JOHN was accurate in his claims, but since his passing, the company is losing popularity.


----------



## fat nick (Aug 21, 2005)

Let us know, I'm very interested.


----------



## Guest (Dec 10, 2005)

I think the most you will get is 40 at the motor.


----------



## dealernut (Oct 22, 2005)

Nah.... I am not buying the whole 100hp with just a cam. I'd say at most your would get 40 to 50 HP gain with that agressive of a cam.


----------



## Guest (Dec 10, 2005)

my guess too.


----------



## baron_iv (Nov 17, 2005)

my guess three.
that icon is VERY distracting mike! hehe


----------



## Guest (Dec 10, 2005)

hehe, you should check out my server!


----------



## baron_iv (Nov 17, 2005)

Something tells me I should be afraid...VERY afraid of ever visiting your server. hehe


----------



## Guest (Dec 10, 2005)

nah, its got MP3, race videos, _porn_, tons of car pics. If you want access, PM me.


----------



## dealernut (Oct 22, 2005)

baron_iv said:


> Something tells me I should be afraid...VERY afraid of ever visiting your server. hehe



No...No....


be VERY AFRAID!!!!! HAHAHA!!!!!

Especially of pictures with the Cavalier.


----------



## Guest (Dec 10, 2005)

oh thats right, I gotta post those!


----------



## Guest (Dec 10, 2005)

SuperCavy is now on my server, for those of you with access.

CHECK IT OUT !!!


----------



## EDC (Nov 28, 2004)

big_mike said:


> my guess too.


I'm betting on less than that!

Ed


----------



## GTODEALER (Jan 7, 2005)

I'm not banking on the full 100 crank horsepower but it's not really that far fetched.... for instance-
When Fatbitch was younger and I put the big stick in her she made 400 rwhp with l.t.'s, catback, underdrive, cai, 160 t-stat, and a tune.
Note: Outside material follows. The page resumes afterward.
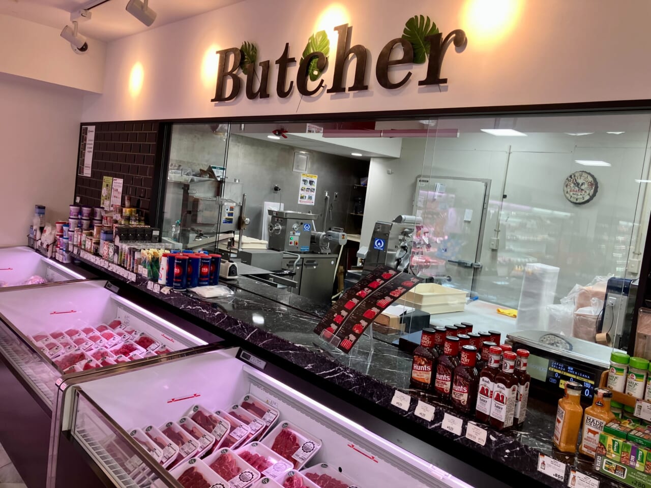 売上高構成比の高い精肉は対面カウンターを導入し、バーベキュー用のカット肉や、ブロック肉などを提供する。扱う精肉は主にオーストラリア産やメキシコ産が中心である。

The interesting part is that she was at 334 before tune and cam and she still had stock heads, so, when you install "just a cam", mind you it's a huge cam (.603/.609 w/113lsa), it's still made 66 rwhp with just a cam and tune (and supporting mods)..... so the point is, don't count it out just yet. :cheers


----------



## Guest (Dec 12, 2005)

look at the specs on that cam, its SMALL !!!


----------



## GTODEALER (Jan 7, 2005)

big_mike said:


> look at the specs on that cam, its SMALL !!!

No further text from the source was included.